Mais selon Arash, un autre acteur avait tout intérêt à une escalade : Benjamin Netanyahou, le premier ministre israélien. Depuis octobre dernier, les bombardements israéliens à Gaza ont tué près de 33 000 Palestiniens. « La responsabilité est partagée, mais Netanyahou veut bien plus de cette guerre que le leadership iranien, pour sa survie politique et pour la survie de sa coalition ». La veille de la riposte iranienne, Jean-Luc Mélenchon avertissait sur les risques d’une guerre totale dans laquelle nous entraînerait le premier ministre israelien en continuant son nettoyage ethnique à Gaza, ses incursions coloniales en Cisjordanie et ses agressions continuels au Liban. « Nous pouvons prévoir chaque étape de l’escalade en cours.
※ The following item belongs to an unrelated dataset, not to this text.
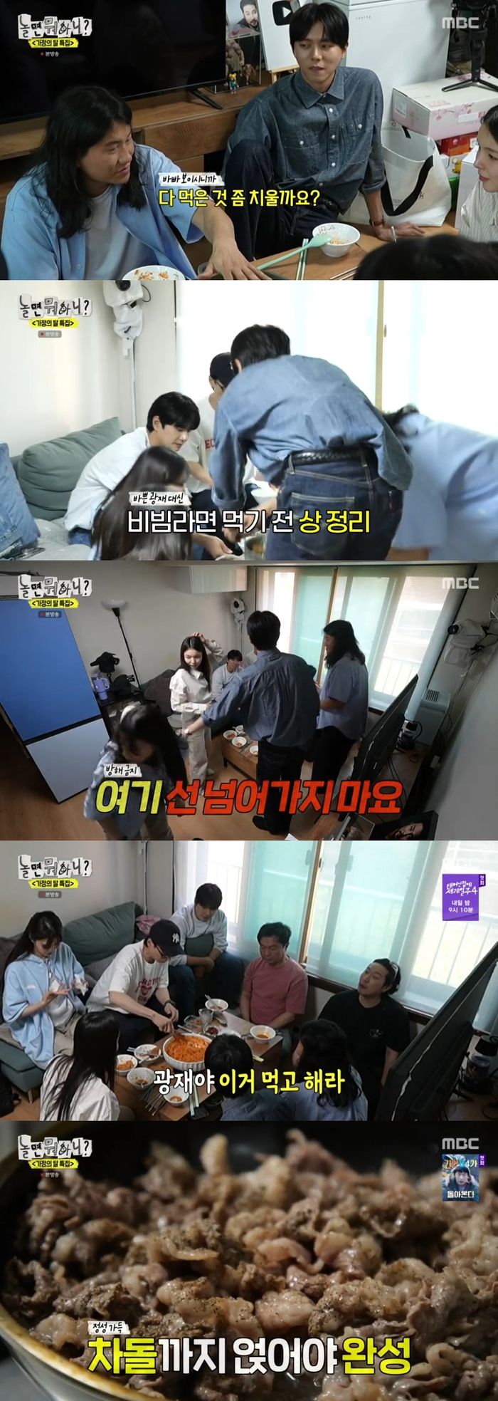 치즈 달걀말이, 김치찌개까지 순식간에 사라지자 임우일은 “비빔라면 다음에 미나리전이라고요?”라며 계속해서 박광재를 닦달했다. 차돌 비빔라면까지 끓인 박광재는 적적하지 않겠냐는 질문에 “근데 또 당분간은 혼자 있고 싶어”라고 답해 좌중을 폭소케 했다.

L’Iran répliquera, comme c’est une évidence. Quel pays peut accepter de voir ses responsables assassinés dans une ambassade par un autre pays qui, à cette occasion, n’hésite pas de surcroît à violer la frontière de son voisin ? Quel pays ? Aucun. », analyse le fondateur de La France Insoumise dans un billet de blog publié le 13 avril. L’ancien ministre des affaires étrangères de François Mitterrand, Hubert Védrine, à établit le même constat sur le plateau de BFMTV suivant la riposte iranienne. « Israël a rasé le consulat iranien à Damas, il faut que vous le disiez ça ! » estimant que les autorités israéliennes se sont préparées en conséquence et que cette réaction iranienne n’a pas dépassé pas ce à quoi Israël devait s’attendre. Dans la phase qui s’ouvre désormais, la plupart des dirigeants occidentaux, conscients des conséquences incommensurables d’une escalade si Israël décidait de répliquer à cette riposte iranienne, ont appelé à la retenue.
La France doit donc clairement écarter tout soutien à une riposte israélienne si Netanyahou la décidait, en contradiction avec les préconisations internationales. Et rien n’est acquis sur ce point, au contraire, tant on constate un affaiblissement de cette position dans le champ politique. Netanyahou a mis tout le monde devant le fait accompli en bombardant l’ambassade d’Iran, et chaque acteur sur place le voulant bien s’est retrouvé pris dans l’engrenage. Ainsi la marine française a participé dans la nuit du 13 avril aux opérations de défense d’Israël. Nous en avons été informés par… le gouvernement de Netanyahou, sans que le Parlement soit consulté ou même averti de quoi que ce soit. Les députés la France Insoumise de la commission de la défense, Bastien Lachaud et Aurélien Saintoul, ont demandé des explications au président de la commission ainsi qu’une audition en urgence du Ministre des Armées, Sébastien Lecornu.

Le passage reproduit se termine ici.